I received this email today:
Hi, I have a younger cousin who ran with a protestant fundamentalist crowd early in high school and as result started turning her nose at the notion of evolution, I thought she was a lost cause but now in her senior year she as mellowed (probably due to the mellowing of her crush on the fundie boy that drew her to this crowd in the first place) and I'd like to give her a book for Christmas that would relax whatever reflexive hang-ups she has acquired to studying evolution and biology. Since she's planning on going into engineering and has a real interest in the subject I wanted to get her a popular science text that highlights the design and engineering aspects of evolutionary adaptations. I remember The Blind Watchmaker delving into this stuff but I don't want any of Dawkins's jabs at religion to rub her the wrong the way. Know any other book that might work, not something too high-level but something that more specifically focuses on engineering parallels than just discussing evolution. Thanks for any suggestions.

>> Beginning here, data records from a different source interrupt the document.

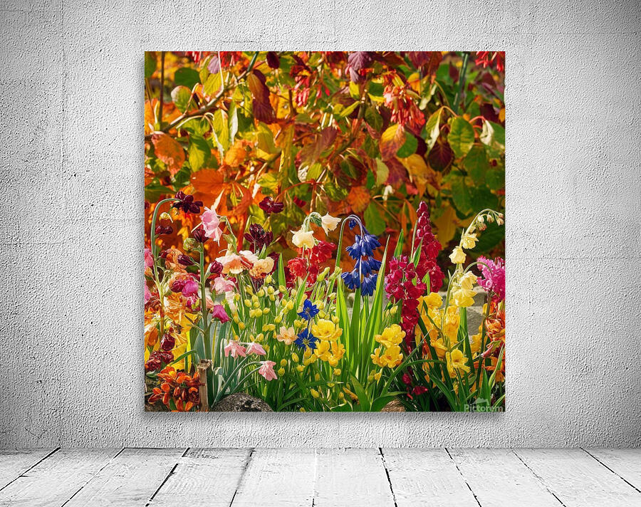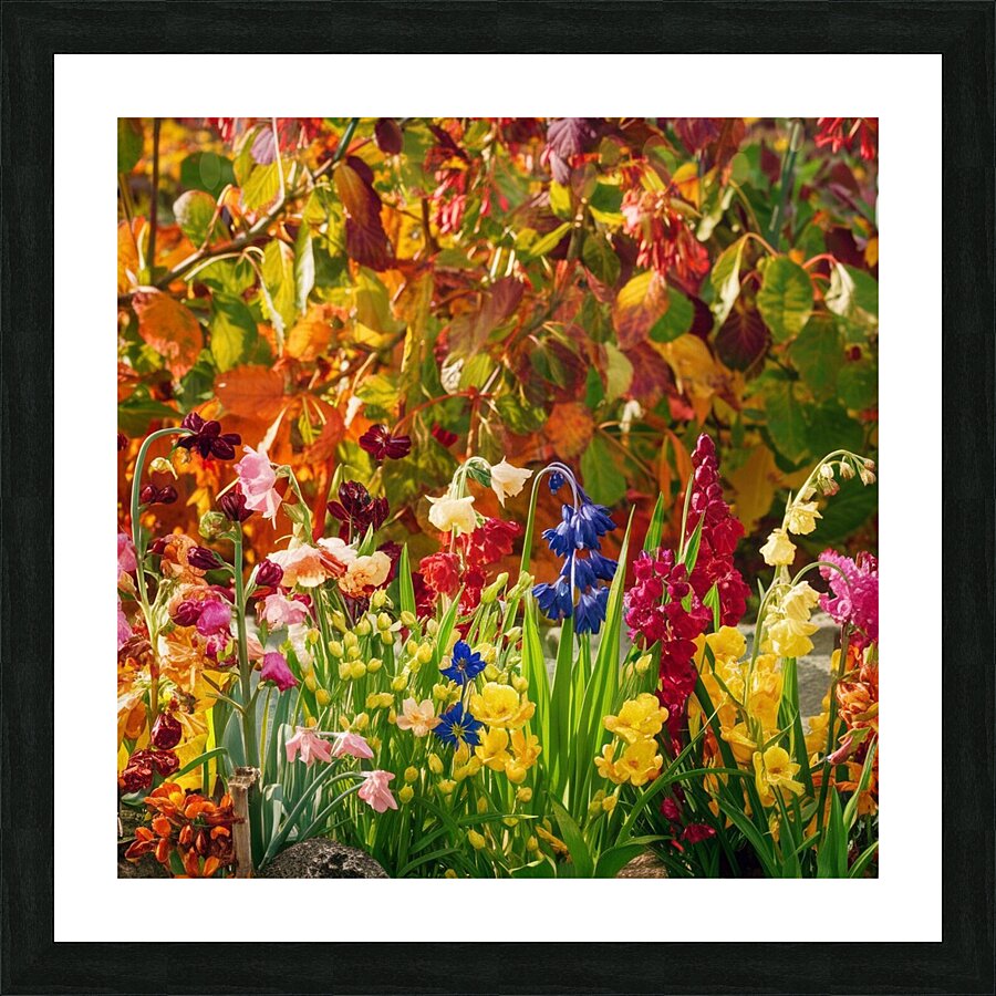 a picturesque scene of a colorful garden in a har Wall Decor Frame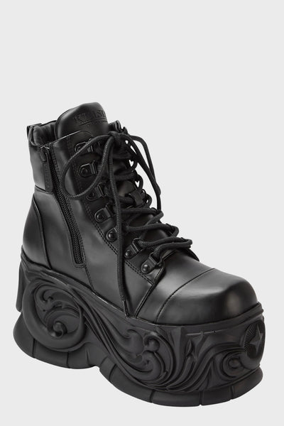 Street smart with just the right amount of twist; 'Cosmic Souls' ankle boots will tick all your boxes - all black luxe faux leather, lace-up front, high top style, and statement platform to elevate your game.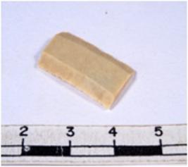 | Description / विवरण | A fragment of a rectangular shaped chert blade showing parallel sides with sharp edges having smooth surface and uneven section. |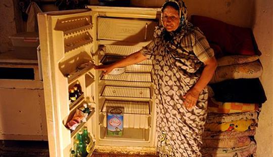She opens the refrigerator and says, “I swear to God when my child goes out to play and comes back, I feel so ashamed because I know he is hunger. I just wish I could say Saeed, go and get something to eat from the fridge… but I can’t”.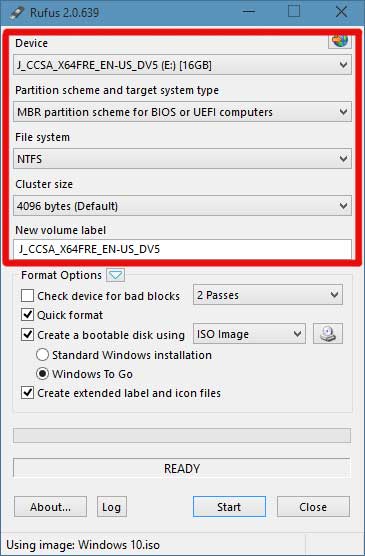 4- در مرحله چهارم آموزش بوت فلش برای نصب ویندوز، منوی File System را بر روی NTFS تنظیم کنید.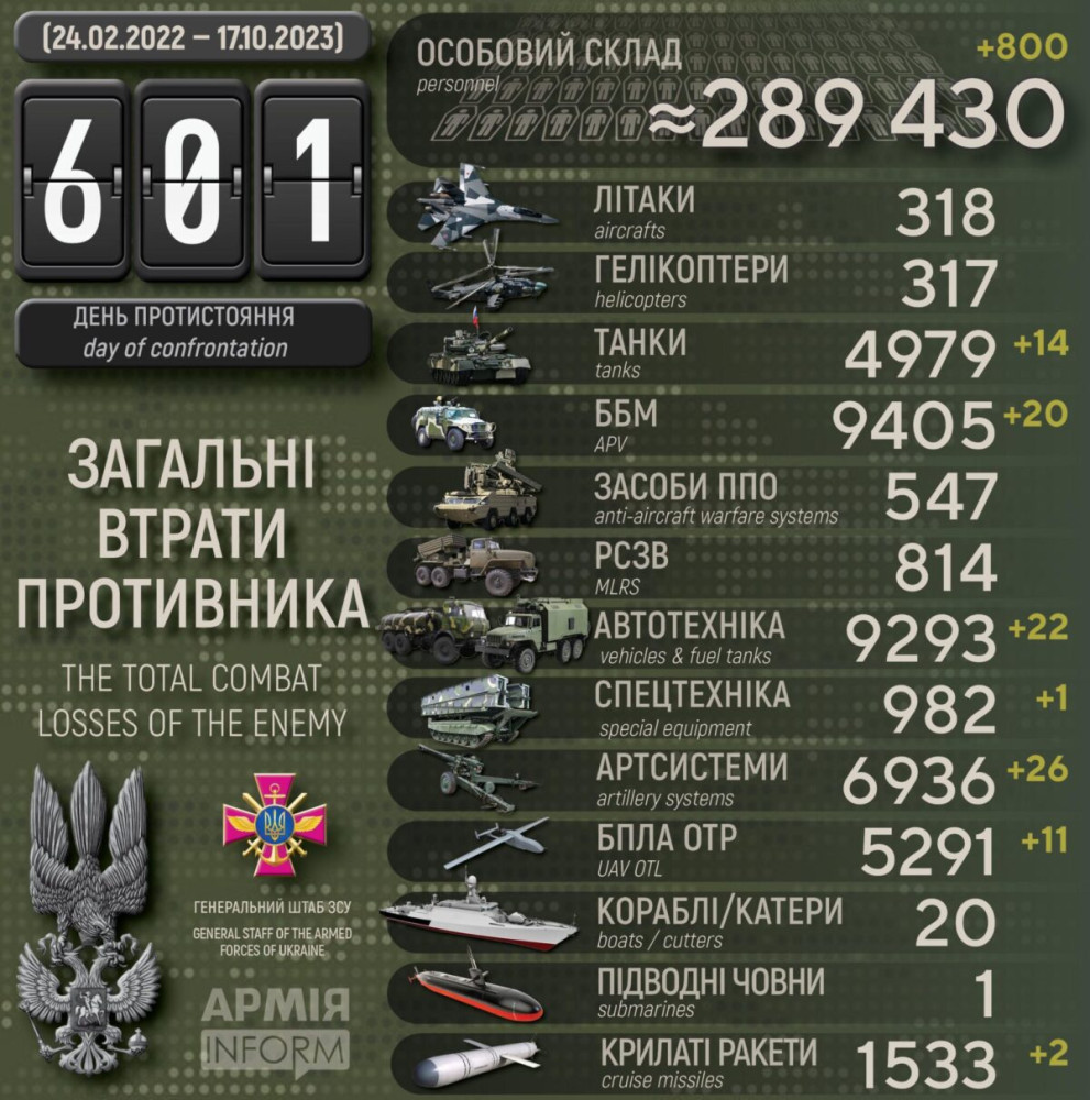 Крім того, за даними Генерального штабу Збройних сил України, наші захисники також знищили 26 артсистем, 20 бойових броньованих машин, 11 БПЛА оперативно-тактичного рівня, 22 одиниці автомобільної техніки та одну одиницю спецтехніки.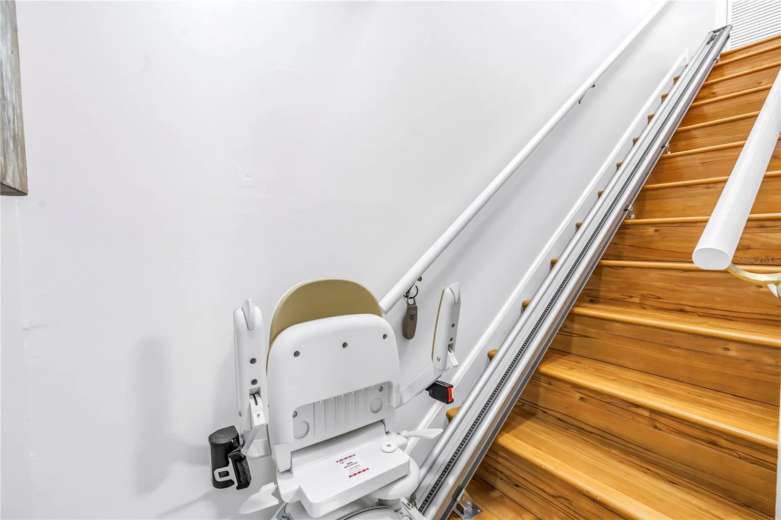 Upstairs, you’ll find two spacious bedrooms and two full bathrooms. The primary suite features deep closet, and an updated en-suite with dual sinks, granite counters, and a large walk-in shower. The guest bedroom is generously sized with a walk-in closet and access to an updated guest bath, providing comfort and privacy for visitors. Additional features include hurricane impact windows and doors throughout and a chairlift for easy access to the second floor.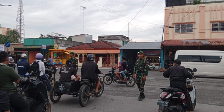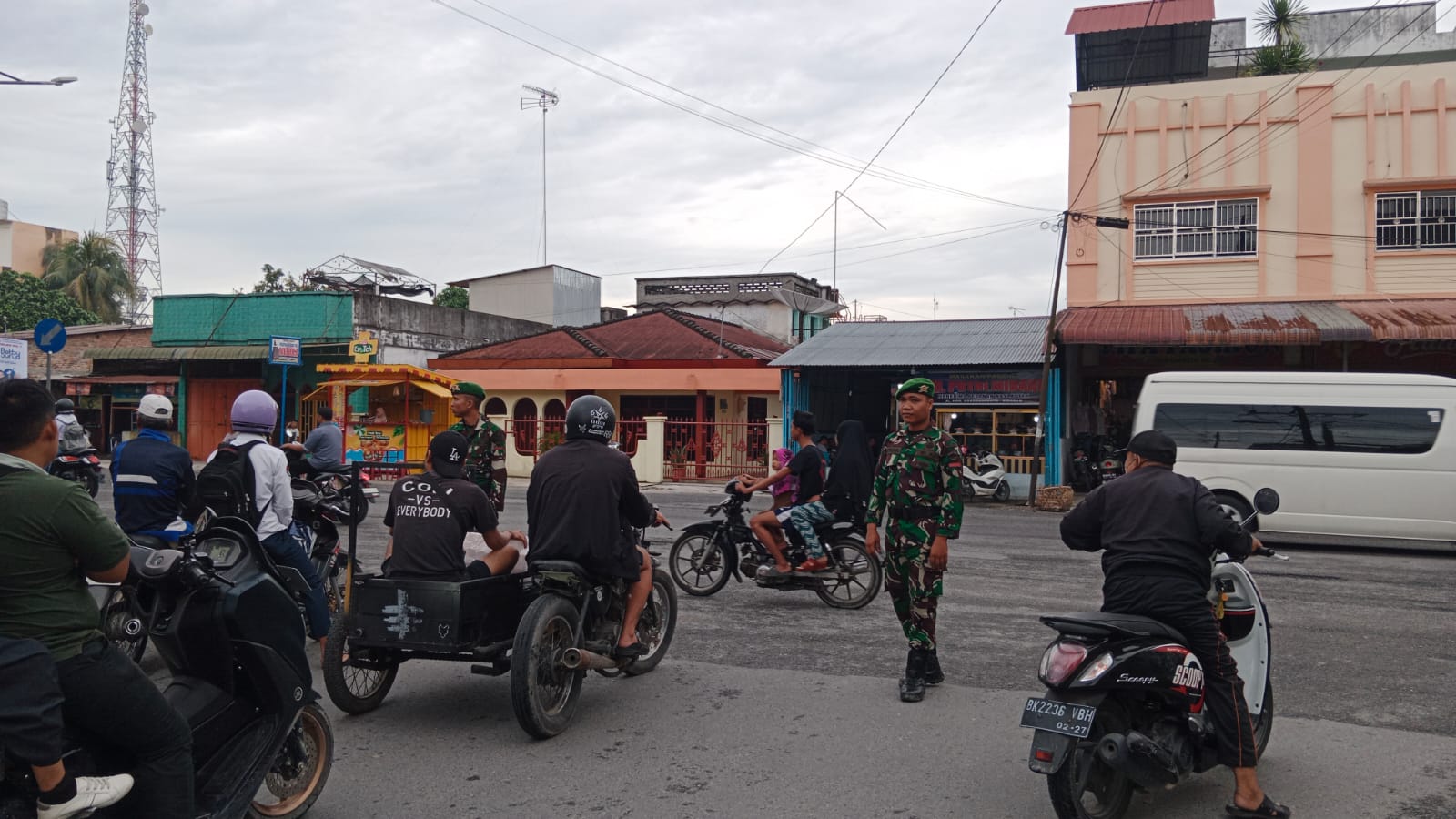 Tampak dari TNI dan Polri melakukan penjagaan di setiap sudut dan persimpangan di Kota Kisaran.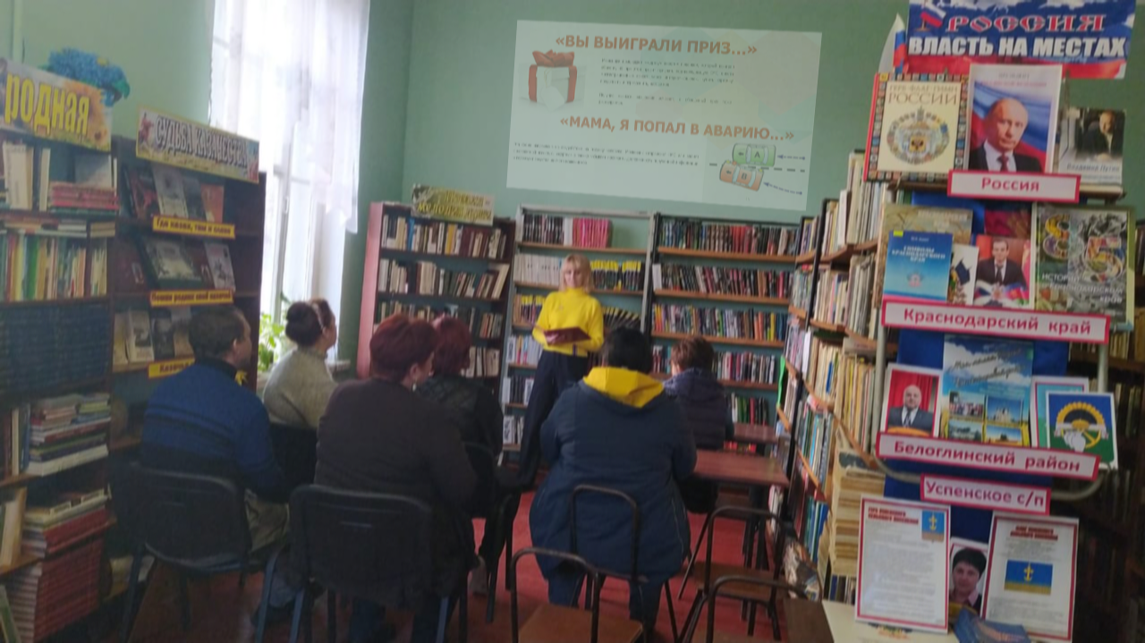 20 марта 2024 года в Туркинской библиотеке, филиале №1 для массового читателя прошел час деловой информации «Деловая информация деловым людям». Библиотекари рассказали как о наиболее распространённых, так и новых способах мошенничества. В ходе мероприятия присутствующие узнали о способах обмана людей и кражи денег с их банковских карт: от подглядывания из-за плеча во время операций с банкоматом и последующего хищения карты, от мобильного мошенничества до хакерских атак на программное обеспечение. А также присутствующие узнали, как не стать жертвой мошенников и способах защиты своих финансов.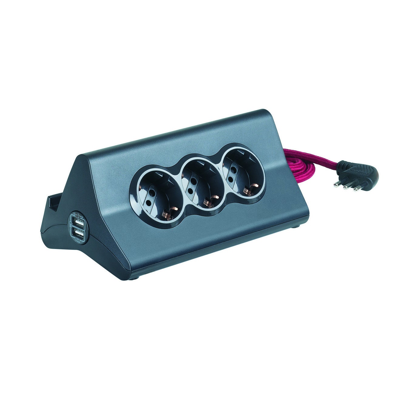 3 prese schuko + 2 prese USB, spina 10A. Ideale per scrivania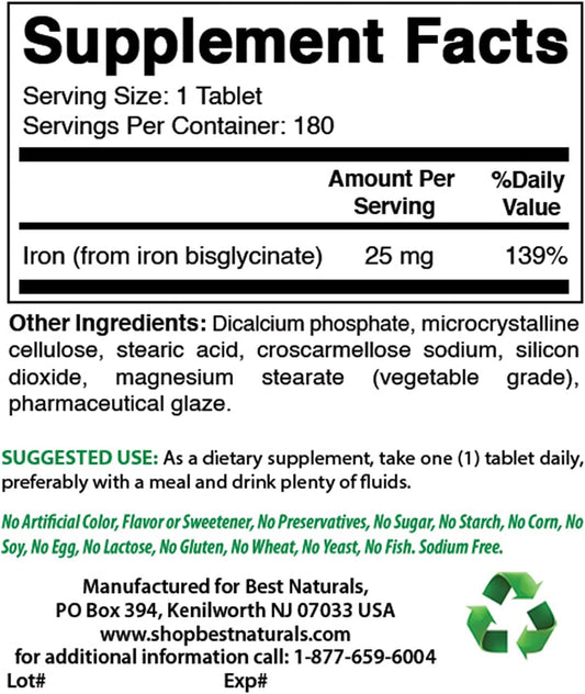 Gentle Iron Bisglycinate Supplement - 25mg - 180 Tablets - Non-Constipating Formula for Sensitive Stomachs
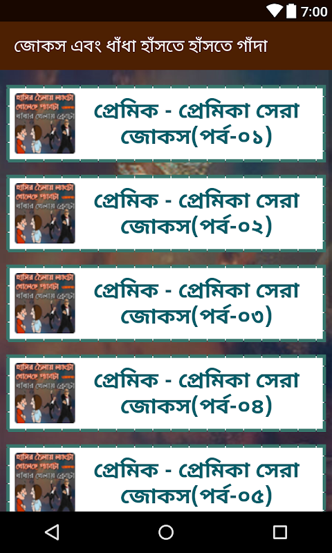 হাসির জোকস (Bangla hasir jokes) ও মজার কৌতুক আমাদের বিশেষ পছন্দ। কারণ আমরা সকলেই হাসতে পছন্দ করি। পেট ফাটানো হাসির জোকস নিয়ে এই আকর্ষণীয় অ্যাপটি ডেভেলপ করেছে।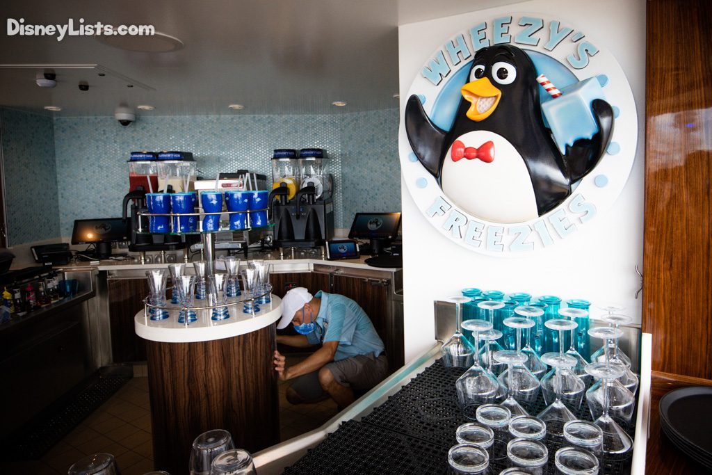 The Disney Wish also features new food and beverage options on the upper decks, including Mickey and Friends Festival of Foods — the perfect place for families to grab a quick bite for lunch, dinner, or anytime in between. This open-air eatery features five themed food stalls: Mickey’s Smokestack Barbecue, Donald’s Cantina, Daisy’s Pizza Pies, Goofy’s Grill, and Sweet Minnie’s Ice Cream. The whimsical design is inspired by the seaside boardwalk setting featured in popular “Mickey Mouse” animated shorts, a fitting addition to the Mickey and Friends-themed family district on the upper decks. We’ll give more details and our review of the dining when we cover family dining on the Disney Wish.

The intersection between not high-level and focusing on engineering kind of made me scratch my head a bit. I went with these three in the response: Adaptation and Natural Selection, The Selfish Gene and The Genetical Theory of Natural Selection. I know that the correspondent stipulated that the work not be high level, but I think you can get a lot out of The Genetical Theory of Natural Selection without following all the details of how R.A. Fisher derives his formalisms; much of the math is accessible to an advanced high school student. Do readers have better suggests with the constraints imposed above? I'm actually curious for myself in terms of what texts might be best in spreading the Adaptive News. Note: It might actually be good for engineers to see how evolution is constrained by contingent conditions (e.g., phylogenetic or developmental constraint) in many cases.